While the number of social media posts talking about the lab in relation to the flu outbreak was small (18), their messages reached a wide audience: these 18 posts earned 754 likes from visitors and were commented on 538 times. Social media posts in which right-wing groups discussed the Lugar Laboratory were shared 1,639 times.
As previous analysis has highlighted, Georgia’s far-right is a heterogeneous crowd, and labelling them uniformly pro-Russian is misleading. In fact, the analysis of 26,000 social media posts shows that Georgia’s far-right speaks more negatively about Russia than the West on the whole. A sentiment analysis, a machine learning technique, scored conversations about Russia as net negative compared with almost neutral for the West.

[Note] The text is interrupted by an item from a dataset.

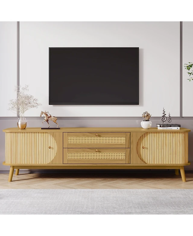 sumyeg 78" Modern Tv Stand for 90" TVs, Entertainment Center with 6 Cabinets & 2 Open Shelves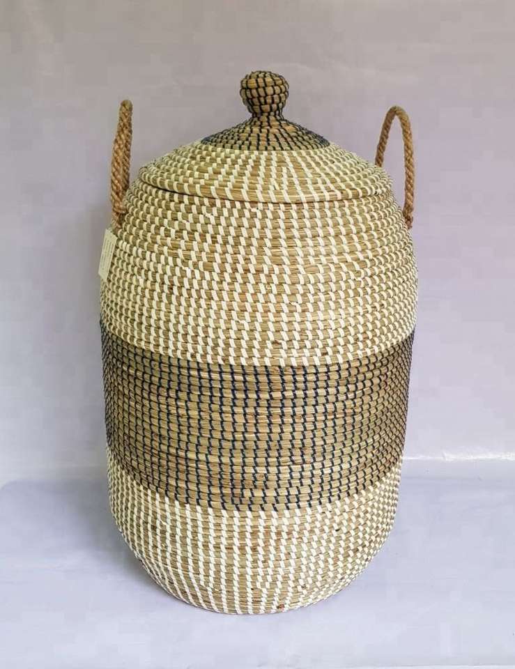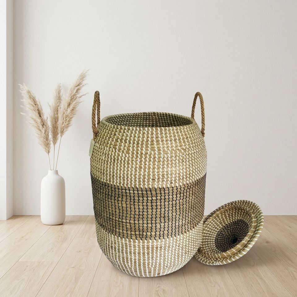 Panier à linge en jacinthe d'eau tissé à la main, design personnalisé, avec couvercle et poignées tressées, qualité export, durable

Still, some pages which have pro-Russian slants also boast large followings. For instance, before being blocked by Facebook, Georgian Idea had about 40,000 subscribers. Another nationalist group, Georgian March, is followed by over 17,000 users and another 16,000 users subscribe to its content. On the whole, both groups speak more positively than negatively about Russia.
The analysis also suggests that pro-Russian pages actively engage with their audiences. Content created by the pro-Russian Georgian Idea garnered about 25,483 comments and 180,026 likes, while pro-Russian Georgian March attracted 32,761 comments from users. Importantly, other nationalist pages were less successful in engaging their audiences.
In contrast to the above pages, a large majority of far-right groups were not explicitly pro-Russian. Rather, the content of their messages was critical of both Russia and the West. The latter is usually criticised for pushing Georgia to accept a ‘liberal political agenda’. In contrast, Russia is portrayed as an enemy responsible for Georgia’s territorial conflicts.
While there is little besides circumstantial evidence that (parts of) Georgia’s far right is funded by Moscow, the data show that they do propagate messages that resonate with the Russian government’s vision of the world.
Despite sharing a similar vision, most far-right pages attack Russia with more vigour than the EU. While it is unclear whether some of these groups are backed by Russia, it is clear is that they at least amplify if not plant pro-Russian sentiments among the Georgian public.